815//! Similar logic could be applied to the schema namespace, enum symbols and field names validation.
816//!
817//! **Note**: the library allows to set a validator only once per the application lifetime!
818//! If the application parses schemas before setting a validator, the default validator will be
819//! registered and used!
820//!
821//! ## Custom schema equality comparators
822//!
823//! The library provides two implementations of schema equality comparators:
824//! 1. `SpecificationEq` - a comparator that serializes the schemas to their
825//!    canonical forms (i.e. JSON) and compares them as strings.

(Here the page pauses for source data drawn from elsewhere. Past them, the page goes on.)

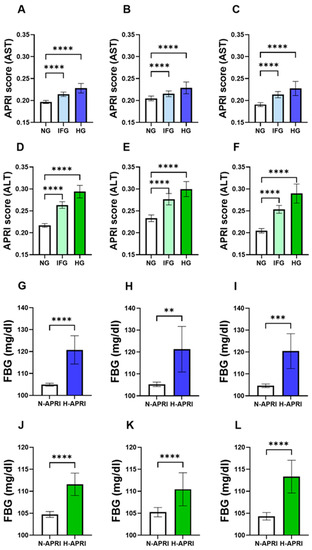Changes in the APRI score levels in light of FBG. Means ± 95% CI of the AST APRI score of subjects with NG, IFG and HG in (A) both genders, (B) males and (C) females. Means ± 95% CI of the ALT APRI score of subjects with NG, IFG and HG in (D) both genders, (E) males and (F) females. Means ± 95% CI of FBG concentrations in the normal AST APRI score (N-APRI) and high AST APRI score (H-APRI) groups in (G) both genders, (H) males and (I) females. Means ± 95% CI of FBG concentrations in the normal ALT APRI score (N-APRI) and high ALT APRI score (H-APRI) groups in (J) both genders, (K) males and (L) females. ** p < 0.01, *** p < 0.001 and **** p < 0.0001.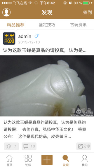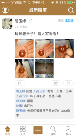 【晒宝】:众多藏友、玩家都在这里晒处自己的收藏的宝贝。像刷朋友圈一样刷古玩,没有试过吧,赶快下载尝试一下吧。【圈子】:找到属于自己的兴趣圈,找到志同道合的藏友,让收藏之路不再孤单!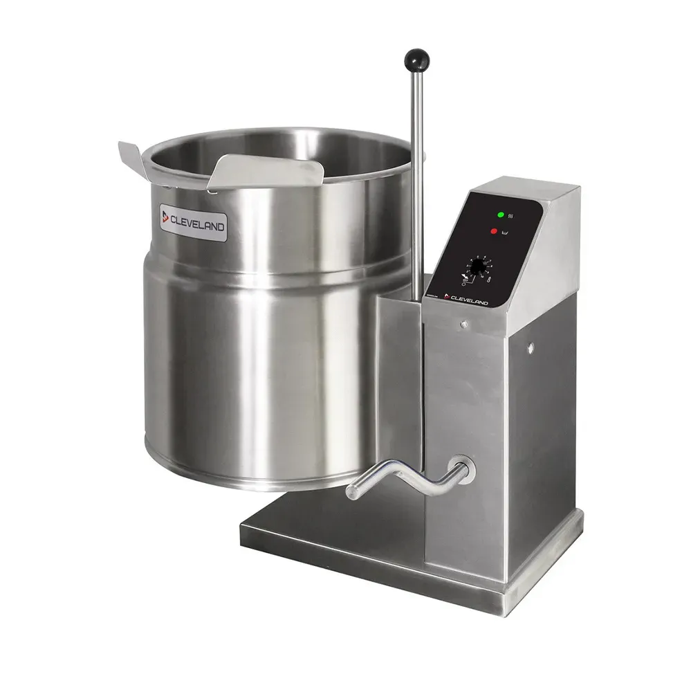 Maximize efficiency in the kitchen with the Cleveland KET12TGB Electric Countertop Kettle. Designed for commercial restaurant use, this 12-gallon (45L) capacity kettle is perfect for high-volume cooking. Its 2/3 steam jacket design ensures even heat distribution, while the self-contained, gear box tilting feature allows for easy pouring and serving. The anti-drip pour spout prevents messy spills, and the IPX6 water protection controls ensure safe operation. With a self-locking marine style safety latch and reinforced rolled rim, this kettle is built to withstand the demands of a busy kitchen. The support console on the right provides stability during use. Made with stainless steel construction and a 316 series stainless steel liner, this kettle is durable and easy to clean. Rated at 50 PSI, it delivers reliable performance every time. Upgrade your kitchen with the Cleveland KET12TGB Electric Countertop Kettle and experience enhanced productivity and convenience.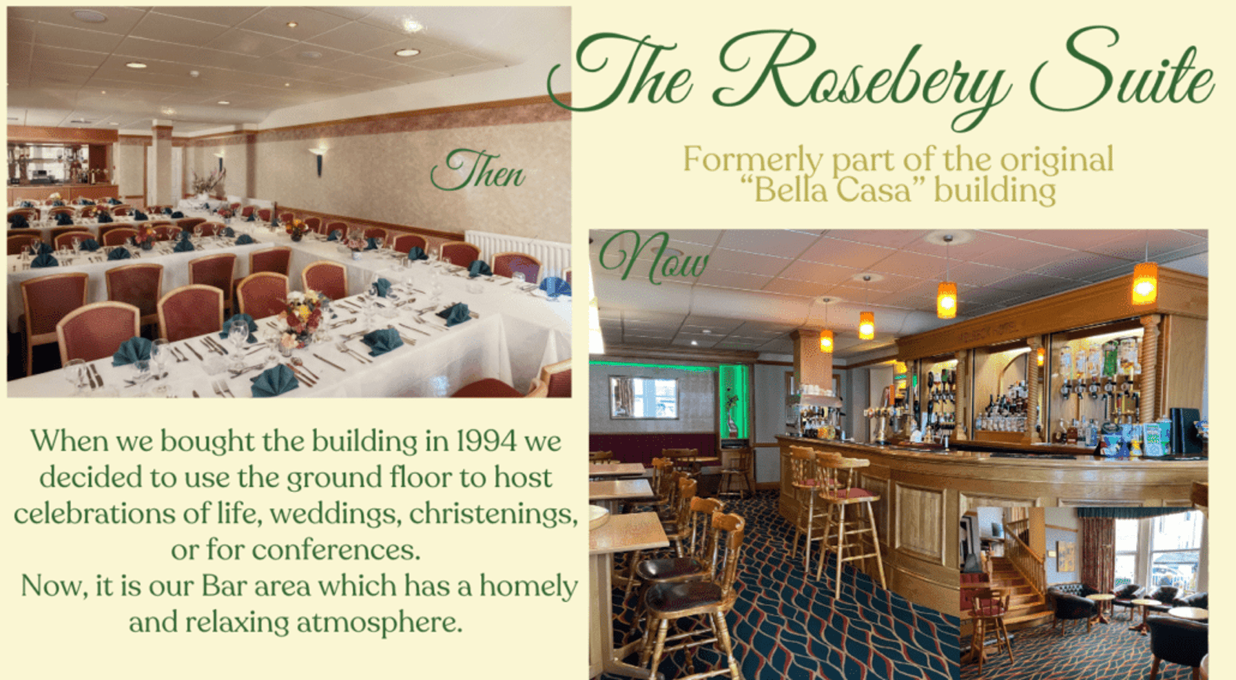 The hotel has 27 en-suite rooms today and 7 self-catering holiday let apartments, having expanded over time, including the acquisition and conversion of adjacent properties like The Bella Casa Hotel and The Granada Apartments. These additions reflect the family's commitment to growing their hospitality business while maintaining personal family traditions.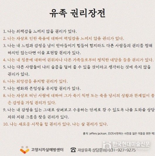박선영 센터장은 “자살유족은 누구보다 도움이 필요하지만 지원을 받기 어려운 경우가 많다”며 “자조모임을 통해 서로 공감하고 회복하는 경험을 하길 바라며 많은 유족의 참여를 바란다”고 말했다.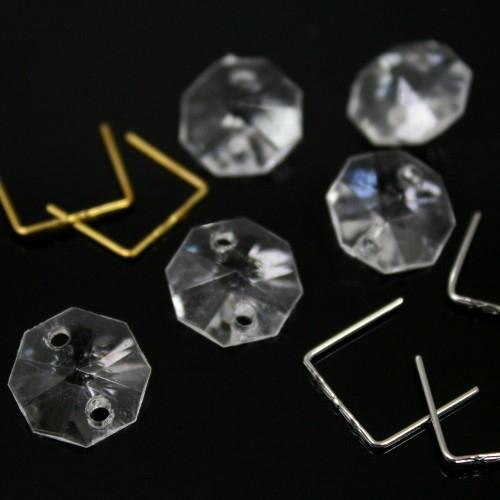 Ogni elemento è dotato di doppio foro per l'inserimento della clip o gancetto necessari per creare catene di cristalli, tende, lampadari, cascate, etc... (sezione dedicata ad agganci, clip, spilli e minuterie).

It is the only implementation
826//!    until apache_avro 0.16.0.
827//!    See the [Avro specification](https://avro.apache.org/docs/1.11.1/specification/#parsing-canonical-form-for-schemas)
828//!    for more information!
829//! 2. `StructFieldEq` - a comparator that compares the schemas structurally.
830//!    It is faster than the `SpecificationEq` because it returns `false` as soon as a difference
831//!    is found and is recommended for use!
832//!    It is the default comparator since apache_avro 0.17.0.
833//!
834//! To use a custom comparator, you need to implement the `SchemataEq` trait and set it using the
835//! `set_schemata_equality_comparator` function:
836//!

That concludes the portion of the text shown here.